AAFP Statement: Family Physicians to President Bush: Call for Improved Health Access is Only One Step to Comprehensive Reform
FOR IMMEDIATE RELEASE
Monday, January 28, 2008
James King, M.D.
President
American Academy of Family Physicians
The American Academy of Family Physicians is pleased that President Bush’s State of the Union address signaled his interest in improving access to health care. In doing so, the president has helped advance the debate about health system reform.
Improving Americans’ ability to pay for health care is but one step in helping create a health system that provides care to all, ensures the financial viability of those who provide those services and reins in the spiraling cost of health care. But providing health coverage to every American will not repair the broken system.
Regardless of how a person pays for health care, the system’s reform must grow from a foundation of primary care provided in what is called a medical home, where patients receive comprehensive, whole-person services that help them maintain their health, prevent chronic conditions, efficiently manage those conditions if and when they develop, and ensure access to subspecialist care when appropriate.
For years, the primary health care foundation has been crumbling from neglect. Annual threats of slashing Medicare reimbursement for services rendered – and the private sector plans that pin their reimbursement on Medicare’s example – discourage medical students from entering primary care and encourage practicing physicians to retire early. Today, our nation is grappling with a primary care physician shortage that is predicted to worsen with time.
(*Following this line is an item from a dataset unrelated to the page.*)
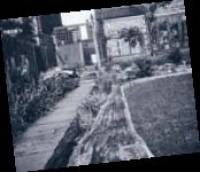 An earlier photo of the first lengths of bullhead fine scale tack laid along a strip of breeze concrete by the garden path.

That fundamental fissure threatens the future health care for all Americans, and they are beginning to recognize it. Poll after poll have demonstrated Americans’ concerns over access to and cost of health care. Most recently, Gallup reported Jan. 24 that 72 percent of Americans are dissatisfied with the cost of health care. Health care remains one of the four “most important” problems facing our nation today. Equally important, the Commonwealth Fund this month reported that 86 percent of people age 19 and older said presidential candidates’ views on health care reform “would play a very important or somewhat important role” in their choice for president.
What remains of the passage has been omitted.